따라서 weight의 dimension은 CLIP Text Encoder outputs와 같습니다. 본 논문에서는 CLIP LP(ZS)외에 CLIP LP를 추가로 평가대상으로 사용하는데, 이는 Text embedding이 아니라 각 클래스별 Image중에서 가장 Accuracy가 높은 Top Image embedding으로 weights를 초기화합니다.

Methods

Two Stage Approach

LADS는 2단계 접근 방식을 사용합니다.(two-stage approach) 1. 이미지의 픽셀 자체를 Transformation 하지 않고 이미지의 Embedding을 Augmentation을 함, 그와 동시에 Class label과 일치하는 특징을 유지하는 것을 목표로 함 2. 원본 이미지 Embedding과 Augmented된 Embedding을 모두 포함하는 Training 세트에 대해서 Linear Probing을 수행함.

첫 번째 단계(Augmentation network 훈련)의 Overview

Text Description

Text description은 CLIP의 Text Encoder를 통과하여 Text Embedding이 되고 이는 Augmentatin network에 사용됩니다.

Input Text description은 \(t_{training} \centerdot t_{y}\) 으로 표현됩니다.

예를 들어서 \(t_{training}=\)a photo of a 라면 \(t_{unseen}=\)a painting of a입니다. 이때 \(t_{y}=\)Puffin이면 \(t_{training} \centerdot t_{y}=\)a photo of a Puffin입니다.

Objectives

Augmentation network를 학습하려는 목적은 \(t_{training}\) 과 \(t_{unseen}\)을 이용해서 이미지 Embedding을 \(D_{training}\) 도메인에서 \(D^k_{unseen}\)으로 Augmentation 하는것입니다. 그와 동시에 Transformed Embedding은 Class label에 대한 정보도 잃지 않아야 하기 때문에 논문에서는 2가지 Loss를 제시했습니다. > 1. Domain Alignment \(L_{DA}\) 2. Class Consistency \(L_{CC}\)

Domain Alignment \(L_{DA}\)

\[ \mathcal{L}_{\mathrm{DA}}\left(f_{\text{aug}}^k\right)=\sum_{i=1}^n 1-\left(\frac{f_{\text{aug}}^k\left(I_\theta\left(\mathbf{x}_{\mathbf{i}}\right)\right)-I_\theta\left(\mathbf{x}_{\mathbf{i}}\right)}{\left\|f_{\text{aug}}^k\left(I_\theta\left(\mathbf{x}_{\mathbf{i}}\right)\right)-I_\theta\left(\mathbf{x}_{\mathbf{i}}\right)\right\|} \cdot \frac{T_\theta\left(t_{\text{unseen }}^k, y_i\right)-T_\theta\left(t_{\text{traning }}, y_i\right)}{\left\|T_\theta\left(t_{\text{unseen }}^k, y_i\right)-T_\theta\left(t_{\text{training }}, y_i\right)\right\|}\right). \] CLIP은 Image embedding 의 space인 \(\mathcal{I}\)가 Text embedding의 space인 \(\mathcal{T}\)와 일치하도록 학습되었지만 \(\mathcal{I}\)와 \(\mathcal{T}\)가 반드시 어떤 모습으로 Mapping 되어야 하는지는 명확하지 않습니다.

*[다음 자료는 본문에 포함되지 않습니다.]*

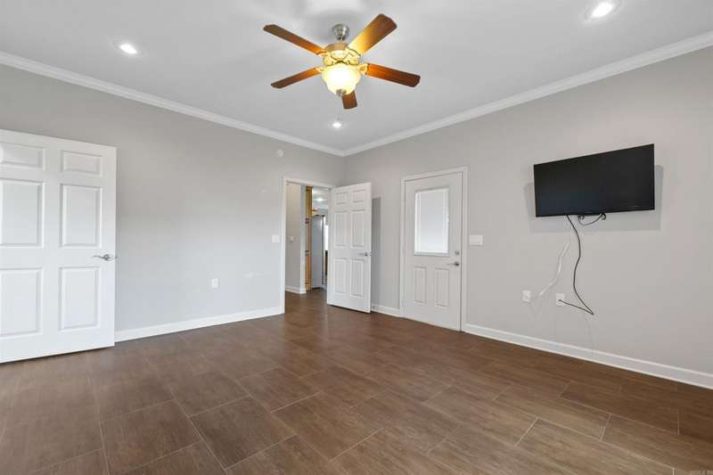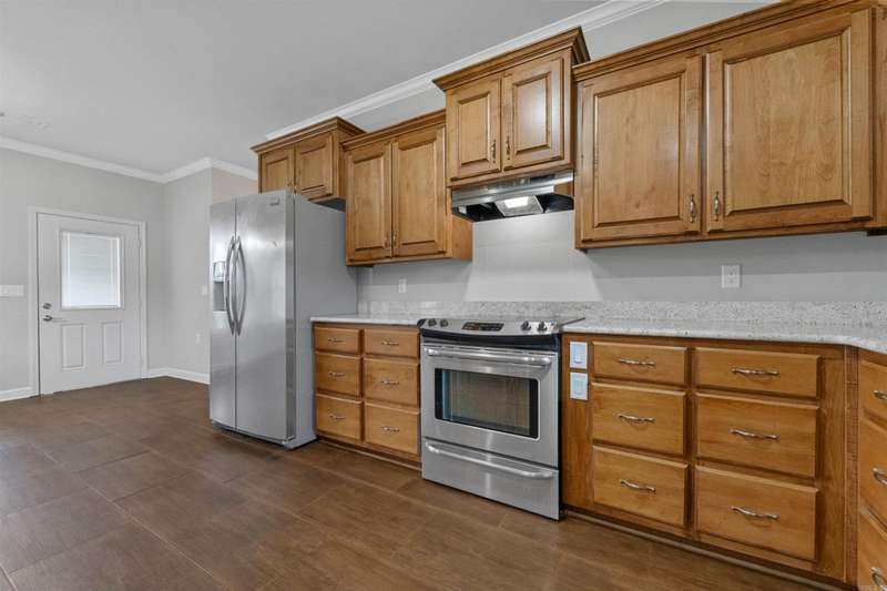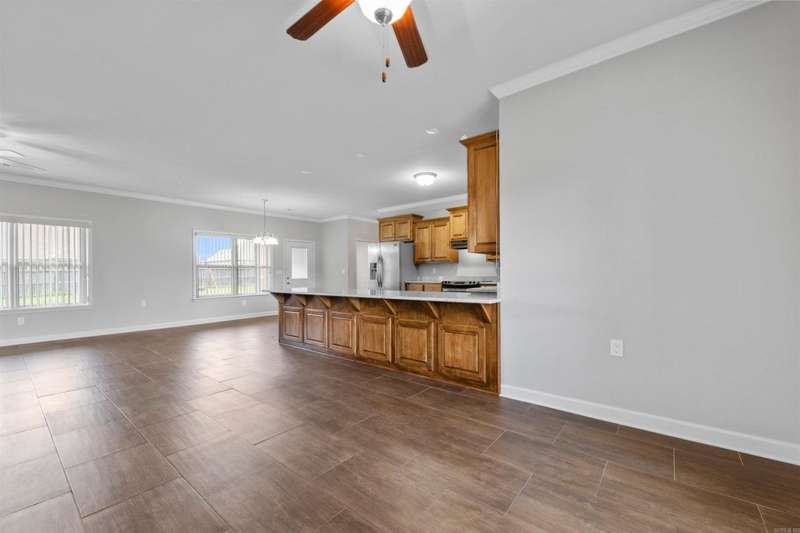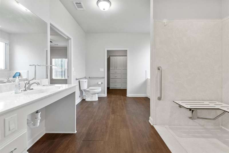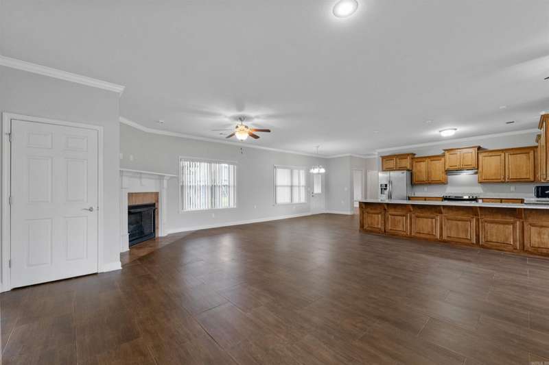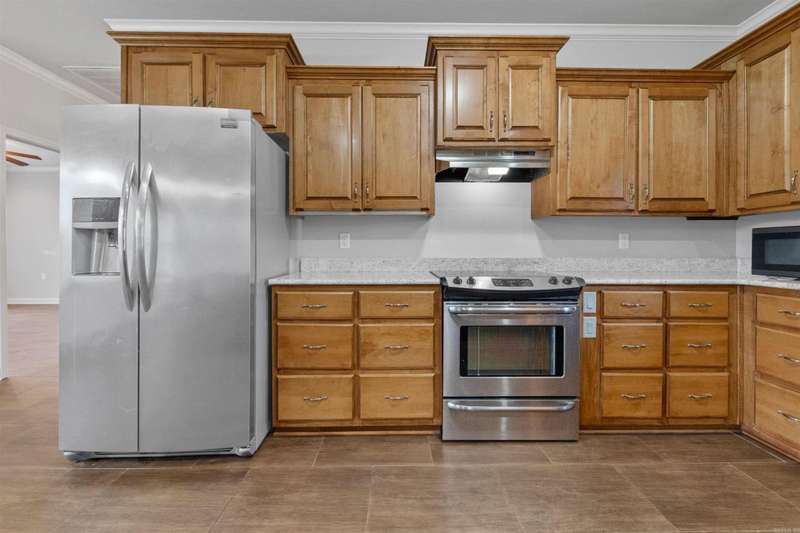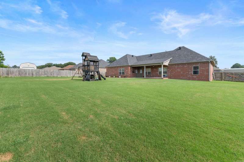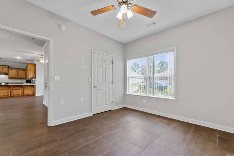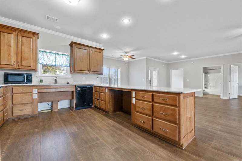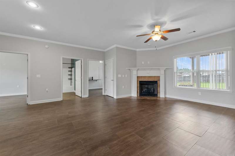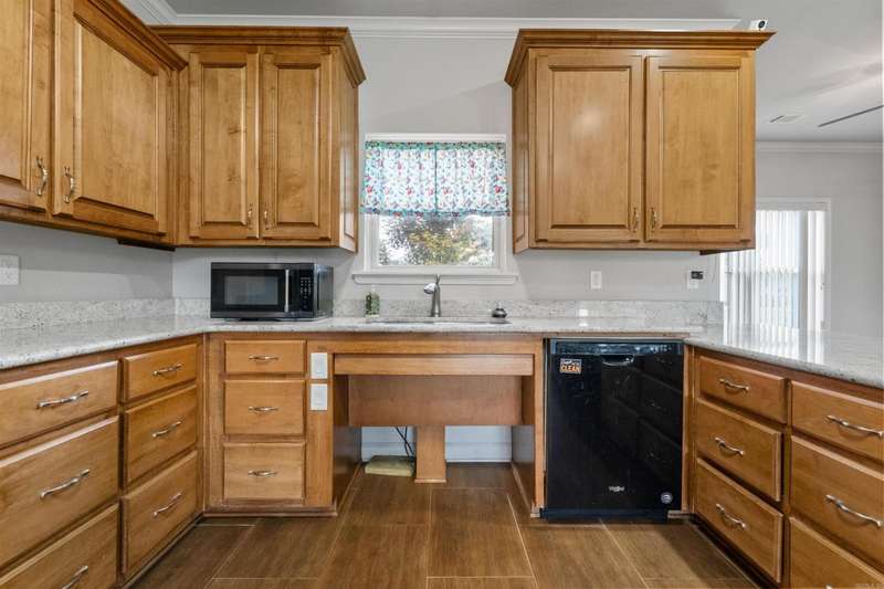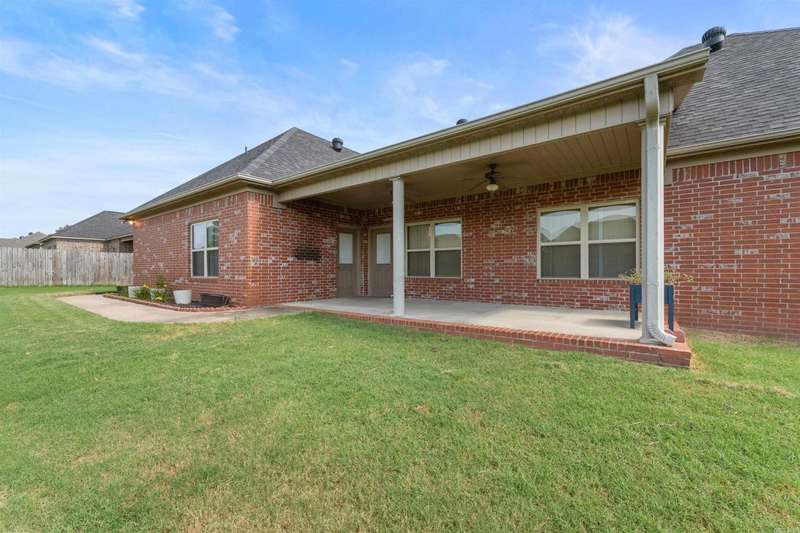 Discover comfort and style in this thoughtfully designed handicap-accessible home. Featuring an open concept layout with nonslip tile flooring throughout and 36" wide doorways for easy mobility. The spacious open-concept living area is anchored by a cozy fireplace, creating an inviting atmosphere. The kitchen boasts granite countertops, stainless appliances, and ample workspace. The primary suite is a true retreat w/direct access to the back porch. It's luxurious bath offers a huge walk-in closet with a built-in dresser, a luxurious walk-in heated jetted tub, and a custom walk-in shower with a retractable seat, a large vanity that allows open chair access. Step outside to enjoy the large fully privacy fenced yard. Plenty of space to unwind. The covered patio provides a perfect spot for outdoor dining or simply enjoying the view. A two car garage completes this exceptional property designed to meet accessibility needs without sacrificing elegance. Measurement is not approximate. Measuring encouraged

게다가 (Patashnik et al., 2021; Gal et al., 2021)의 연구들에 따르면 \(D_{\text{training}}\) 에서 \(D_{\text{unseen}}^k\)로의 이동(Shift)과 맥락상 일치하는 Global Direction이라는 존재를 가정할 수 있습니다. 이것은 Image Embedding Space와 Text Embedding Space 두 공간에서 cross share 됩니다.

Global Direction은 Target domain의 Embedding과 Source domain의 Embedding의 Nomarlized diference로 정의됩니다.

Class Consistency \(L_{CC}\)

\[ \mathcal{L}_{\mathrm{CC}}(f_{\text{aug}}^k)=\sum_{i=1}^n \text{ Cross-entropy }(\operatorname{Softmax}\lbrack f_{\text{aug}}^k(I_{\theta}(\mathbf{x}_{\mathbf{i}})) \cdot T_{\theta}(y_i) \rbrack, y_i) \]

Domain Alignment loss는 오로지 Domain간의 차이안에서 Embedding을 Augmentation 하는 것에만 효과를 줍니다. 만약에 Domain shift에 오로지 하나의 Global shared direction만이 있다고 가정하면 \(L_{DA}\)만으로도 충분하겠지만 실제로는 \(L_{DA}\) 하나만 사용한다면 Class relevant information이 소멸할 가능성이 있고 그 결과 서로 다른 이미지의 Augmented Embedding간의 diversity가 부족하게 될겁니다.

따라서 논문에서는 Class Consistency loss를 추가하였고 이는 Augmented Embedding이 Class information을 보존하도록 하는 역할을 합니다.

함수는 실제 Class name text와 Augmentation network가 생성한 Image Embedding을 CLIP Zero-shot 방식으로 이미지를 정확하게 분류하는지를 측정합니다.

Final Objectives

\[ L_{\text{LADS}}({f^k_\text{aug}}) = \alpha{L_{\text{DA}}(f^k_\text{aug})} + (1-\alpha)L_{CC}(f^k_{aug}) \]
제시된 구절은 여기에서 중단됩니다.